Data shown ▸

- - - - - - -

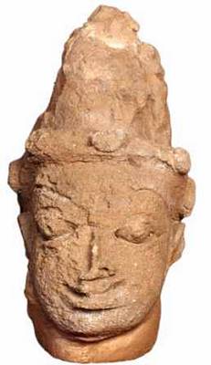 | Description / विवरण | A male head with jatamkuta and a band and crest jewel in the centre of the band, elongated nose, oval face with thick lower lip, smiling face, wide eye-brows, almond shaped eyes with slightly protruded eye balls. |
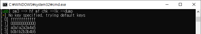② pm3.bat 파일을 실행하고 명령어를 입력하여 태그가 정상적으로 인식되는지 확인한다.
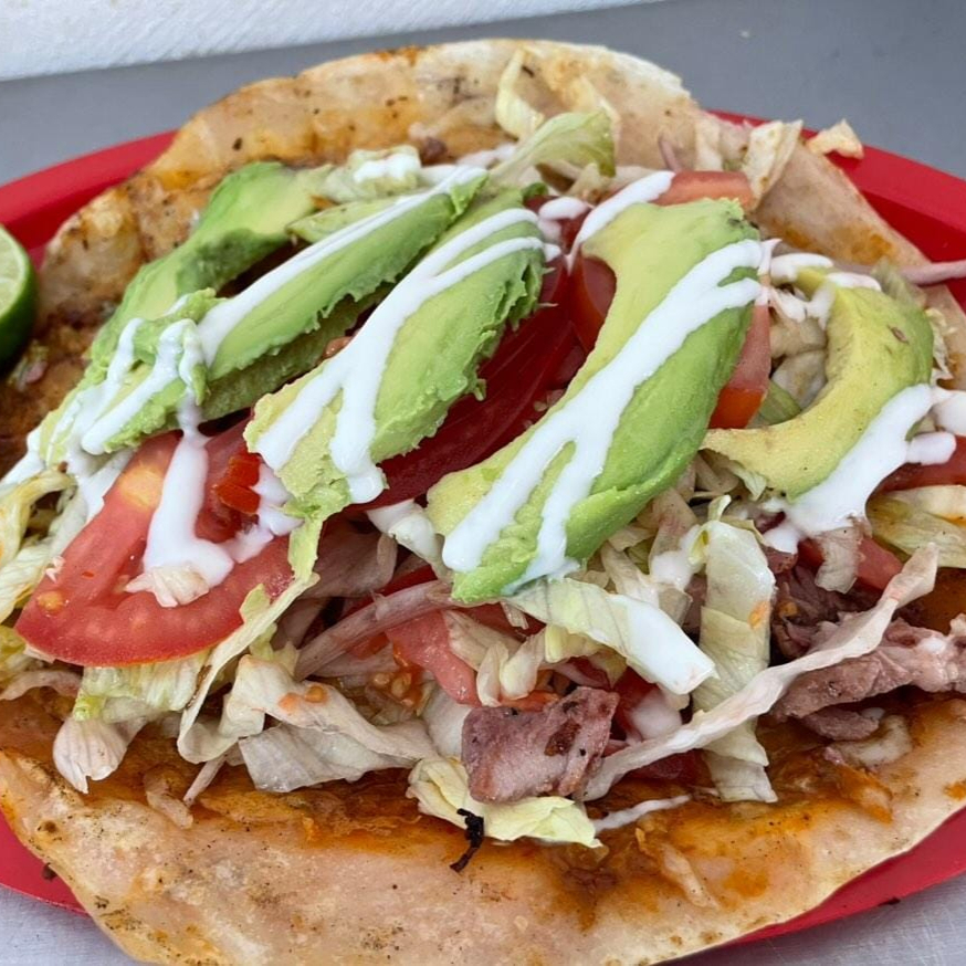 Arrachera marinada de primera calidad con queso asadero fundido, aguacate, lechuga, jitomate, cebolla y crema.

- - - - - - -

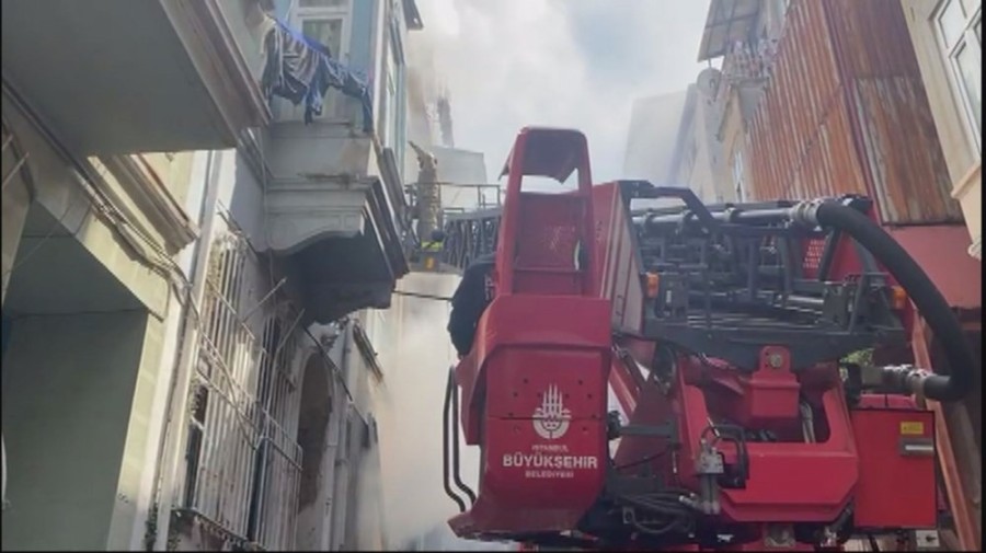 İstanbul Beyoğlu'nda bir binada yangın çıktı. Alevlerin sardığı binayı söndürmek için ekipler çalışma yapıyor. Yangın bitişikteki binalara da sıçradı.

- - - - - - -

Task goal ▸ An exact transcription is needed of the lines from the one with "eye balls. |" to the one with "Arrachera marinada de" above, both ends included, with pictures left out.

Reply to the exercise ▸
 | Description / विवरण | A male head with jatamkuta and a band and crest jewel in the centre of the band, elongated nose, oval face with thick lower lip, smiling face, wide eye-brows, almond shaped eyes with slightly protruded eye balls. |
② pm3.bat 파일을 실행하고 명령어를 입력하여 태그가 정상적으로 인식되는지 확인한다.
 Arrachera marinada de primera calidad con queso asadero fundido, aguacate, lechuga, jitomate, cebolla y crema.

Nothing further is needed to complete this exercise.